*DATA TO USE*
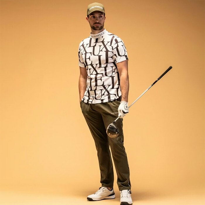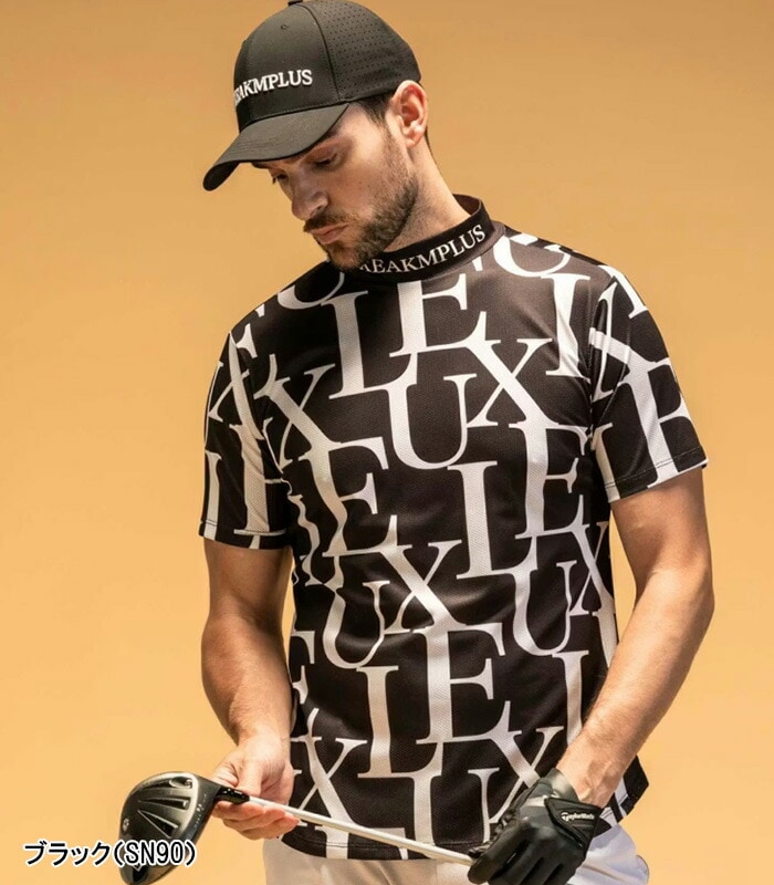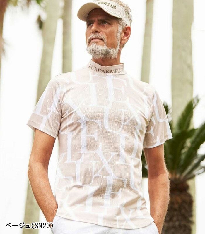 リュクスエイケイエムプラス 半袖 モックネックシャツ Tシャツ 総柄 メンズ LAT-25004 LAT25004 2025年春夏モデル LUXEAKMPLUS 春夏ウェア 吸水速乾
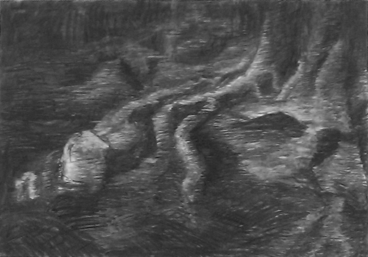 Tekeningen met houtskool, het verbrande materiaal van de bomen, met als onderwerp de verdronken bossen in nederland
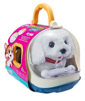 Jucăria interactivă „Cățeluș în geantă de transport cu accesorii” este un prim prieten ideal pentru copil, oferindu-i ore de joacă captivantă și dezvoltând empatia față de animale.
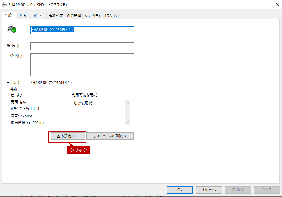 3.「(選択したプリンター)のプロパティ」画面が表示されますので、[基本設定(E)...]をクリックします。
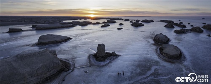 青海海西,大柴旦行委西臺(tái)地區(qū),水上雅丹冬季日出風(fēng)光。
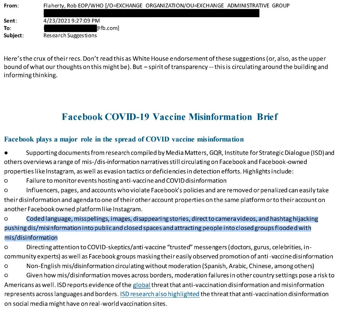 Biden's Surgeon general similarly demanded social media companies redesign algorithms and impose clear consequences on violating accounts to reduce "misinformation."
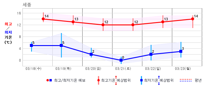 | 세종 | -5 / 8 | -1 / 6 | -3 / 7 | 0 / 10 | 4 / 14 | 5 / 13 | 4 / 14 | 그래프 | |
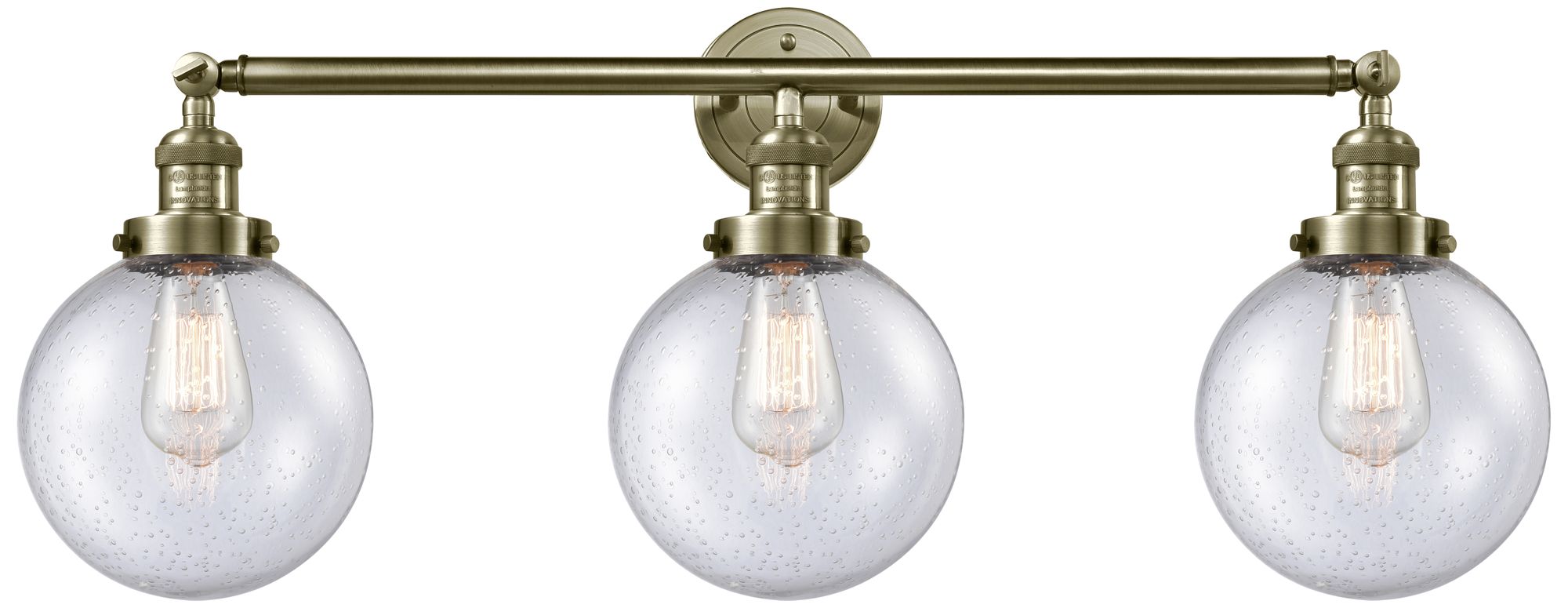 Beacon 3 Light 32" Bath Light - Antique Brass - Seedy Shade
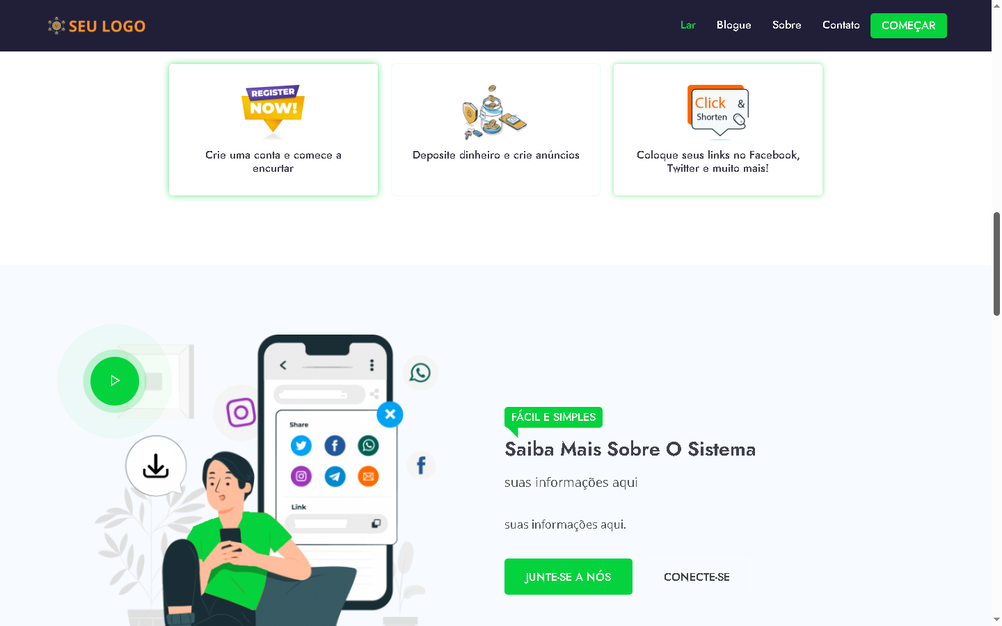 Encurtador de URL premium, ANÚNCIOS GRATUITOS e de suporte.
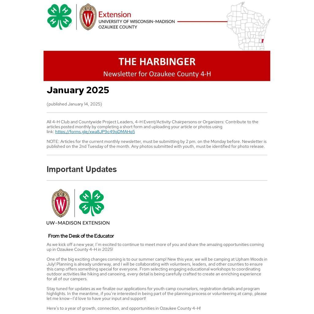 Harbinger Newsletter Published Monthly. The 4-H Harbinger newsletter will be published monthly on the second Tuesday of each month. Please adjust your 4-H club, group, and project announcement schedules as needed.
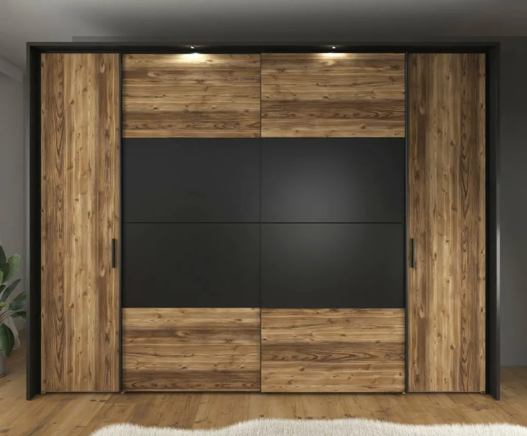 De bijpassende kledingkast (279,4 × 61,2 × 214,4 cm) heeft een praktische indeling met twee schuifdeuren en twee scharnierdeuren. De strakke, zwarte handgrepen geven het geheel een moderne look. Binnenin vind je twaalf opbergvakken en twee kledingroedes: ideaal voor zowel liggende als hangende kleding.
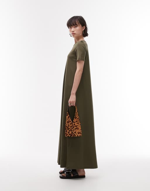 ARKET - Robe longue droite en pur coton à manches courtes - Kaki
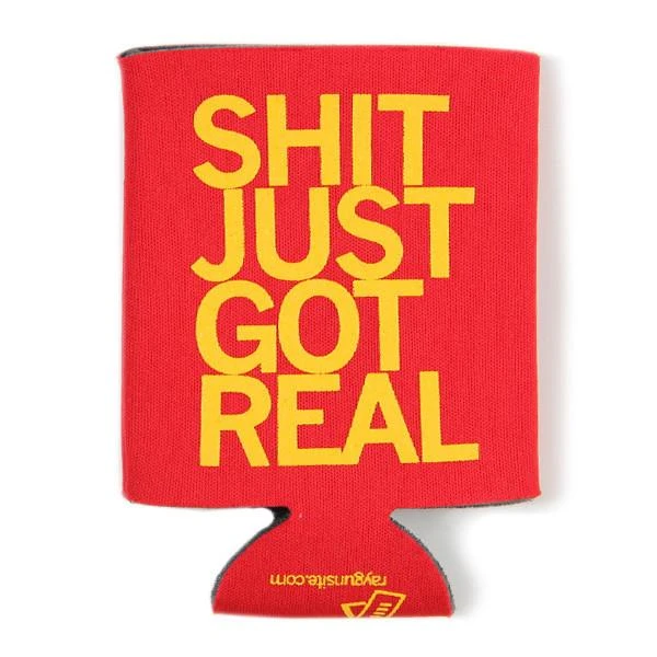 Shit Just Got Real! Gold plastisol ink print on red fade-resistant polyester covered scuba foam. Designed by RAYGUN. Imported and printed in the USA.
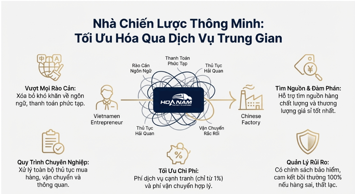 Lưu ý thực tế: Với các doanh nghiệp chưa có kinh nghiệm xuất nhập khẩu, dịch vụ ủy thác nhập khẩu hàng Trung Quốc thông qua các đơn vị logistics uy tín lâu năm như Hoa Nam Logistics thường là lựa chọn an toàn để tinh gọn quy trình từ tìm xưởng, xử lý chứng từ đến vận chuyển.
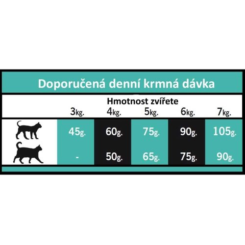Snadno stravitelné sacharidy, pro zajištění kvalitní srsti, kůže a podporu trávení. Obsah omega 3 a 6 esenciálních mastných kyselin pro správné fungování mozku a optimální kondici kardiovaskulárního systému. Obsah zinku napomáhá udržovat zdravou kůži a lesklou srst. FOS + MOS s prebiotickými účinky přispívá ke zdraví trávícího traktu.
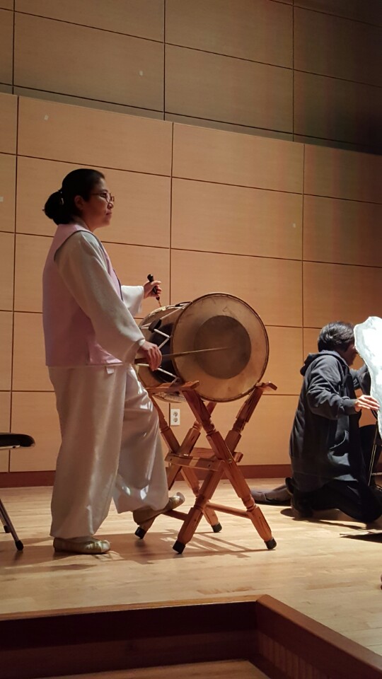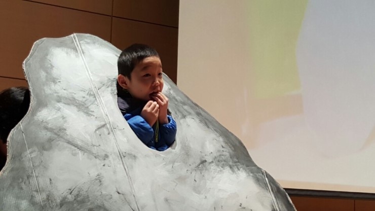 두 번째 무대는 낭독공연인 ‘선바위 전설’입니다. 소금장수가 제물포 상인들한테 촌놈이라고 바가지 쓴 것을 재치 있게 되갚아 주는 얘기예요. 낭독공연은 잠시 눈을 감고 감상을 하는 것도 좋을 것 같아요. 라디오를 듣는 것 같거든요. 이화정 선생님(사단법인 한국연극협회 오산시지부 지부장)은 공연에 앞서 관객들에게 공연 때 사용되는 우리 장단을 알기 쉽게 설명해 주시더니 성심학교 친구들을 선바위 얼굴로 등장시켰어요. 친구들이 아주 좋아하더라구요. 이런 것이 연극의 묘미가 아닐까요?

*WORK TO BE COMPLETED*
Only exact lines belong in the answer: those from the beginning of the entries above through the line holding "青海海西,大柴旦行委西臺(t", with no pictures.

*SOLUTION BELOW*
 リュクスエイケイエムプラス 半袖 モックネックシャツ Tシャツ 総柄 メンズ LAT-25004 LAT25004 2025年春夏モデル LUXEAKMPLUS 春夏ウェア 吸水速乾
 Tekeningen met houtskool, het verbrande materiaal van de bomen, met als onderwerp de verdronken bossen in nederland
 Jucăria interactivă „Cățeluș în geantă de transport cu accesorii” este un prim prieten ideal pentru copil, oferindu-i ore de joacă captivantă și dezvoltând empatia față de animale.
 3.「(選択したプリンター)のプロパティ」画面が表示されますので、[基本設定(E)...]をクリックします。
 青海海西,大柴旦行委西臺(tái)地區(qū),水上雅丹冬季日出風(fēng)光。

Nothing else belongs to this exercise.